Pulau serangan dulunya adalah sebuah pulau kecil di sebelah tenggara Bali yang
hanya bisa dicapai dengan menggunakan perahu. Pulau Serangan yang ada saat ini
merupakan hasil reklamasi putra mantan presiden Soeharto, Tommy Soeharto.
Awalnya reklamasi ini bertujuan untuk membuat sebuah resort dengan kelengkapan
tempat wisatanya, namun tidak terealisasi dan bahkan terabaikan pembangunannya.

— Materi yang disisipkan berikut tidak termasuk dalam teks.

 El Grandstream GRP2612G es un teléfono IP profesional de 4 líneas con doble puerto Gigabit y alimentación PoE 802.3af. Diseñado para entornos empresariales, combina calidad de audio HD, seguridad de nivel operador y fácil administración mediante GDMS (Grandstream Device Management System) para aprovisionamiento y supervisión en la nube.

Akibat dari terabaikannya pembangunan yang ada menyisakan dampak yang serius
bagi lingkungan di sekitar kawasan pulau Serangan. Terganggunya perkembangan
flora dan fauna di pulau Serangan menjadi hal yang sangat serius yang harus
diperhatikan.
B. Penyu Laut
Penyu
merupakan hewan laut yang melambangkan keabadian, karena telah hidup ratusan
juta tahun yang lalu. Penyu memiliki sepasang tungkai depan yang berupa kaki
pendayung yang memberinya ketangkasan berenang di dalam air. Walaupun seumur
hidupnya berkelana di dalam air, sesekali hewan kelompok vertebrata, kelas
reptilia ini tetap harus sesekali naik ke permukaan air untuk mengambil nafas.

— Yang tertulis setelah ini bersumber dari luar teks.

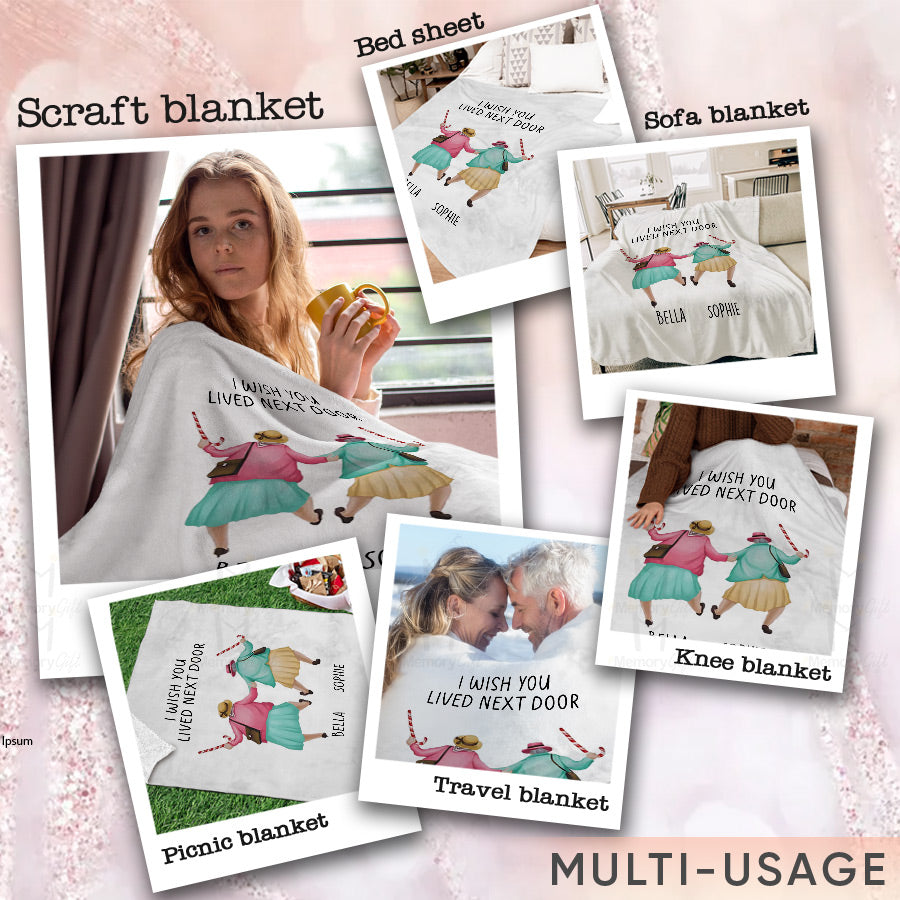 Spread the warmth of friendship with i wish you lived next door blanket | custom blankets for best friends. In our busy lives, it's easy to feel disconnected from loved ones. However, studies show that feeling socially supported reduces stress and promotes well-being. This cozy, luxurious blanket makes the perfect gift to remind someone you care. This blanket is one of the perfect Best Friends Christmas Ornaments and Christmas Gifts to show your best friend how much they mean to you. Give them this blanket like Personalized Christmas Ornaments will definitely brighten their whole holiday with so much love than ever.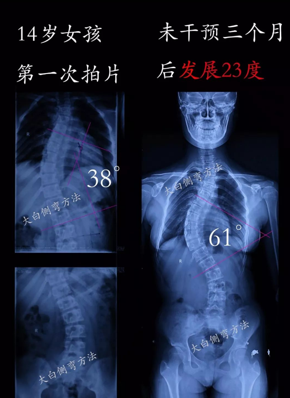 我們看到很多脊柱側(cè)彎發(fā)展的情況,例如:7天發(fā)展5度,3個月發(fā)展23度,5個月發(fā)展15度,3個月發(fā)展5度等。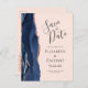 Navy Blue Rose Gold Agate Blush Save the Date Announcement Postcard
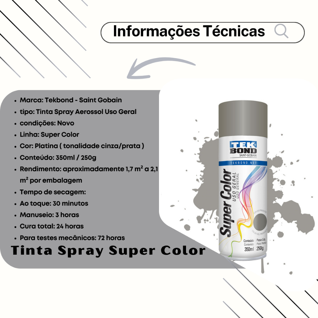 Tinta Spray Aerossol Uso Geral Platina 350ml 250g

Itu karena penyu bernafas dengan paru-paru. Penyu umumnya bermigrasi dengan
jarak yang cukup jauh dengan waktu yang tidak terlalu lama. Jarak 3.000 km
dapat ditempuh dalam waktu 58-73 hari. Penyu mengalami siklus bertelur yang
beragam, mulai dari 2 – 8 tahun. Penyu jantan menghabiskan seluruh hidupnya di
laut, sedangkan yang betina sesekali ke daratan untuk bertelur. Penyu betina
menyukai pantai berpasir yang sepi dari manusia, sumber bising, dan cahaya sebagai
tempat bertelurnya. Pada saat mendarat gangguan cahaya ataupun suara dapat
mengurungkan niat penyu untuk bertelur. Tidak banyak regenerasi yang dihasilkan
oleh penyu, karena dari ratusan telur yang dikeluarkan oleh seekor penyu
betina, paling banyak hanya belasan tukik (bayi penyu) yang berhasil sampai ke
laut, kembali, dan tumbuh dewasa. Itu pun tidak memperhitungkan
faktor perburuan oleh manusia dan pemangsa alaminya
seperti kepiting, burung dan tikus di pantai, serta ikan-ikan besar begitu tukik tersebut
menyentuh perairan dalam.
Jenis-Jenis
Penyu yang masih ada di dunia hingga sekarang adalah :
Dari ketujuh jenis ini,
hanya penyu Kemp's ridley yang tidak pernah tercatat ditemukan di perairan
Indonesia. Dari jenis-jenis tersebut, penyu belimbing adalah yang terbesar
dengan ukuran panjang badan mencapai 2,75 meter dan bobot 600 - 900 kilogram.
Penyu lekang adalah yang terkecil, dengan bobot sekitar 50 kilogram. Namun
demikin, jenis yang paling sering ditemukan adalah penyu hijau.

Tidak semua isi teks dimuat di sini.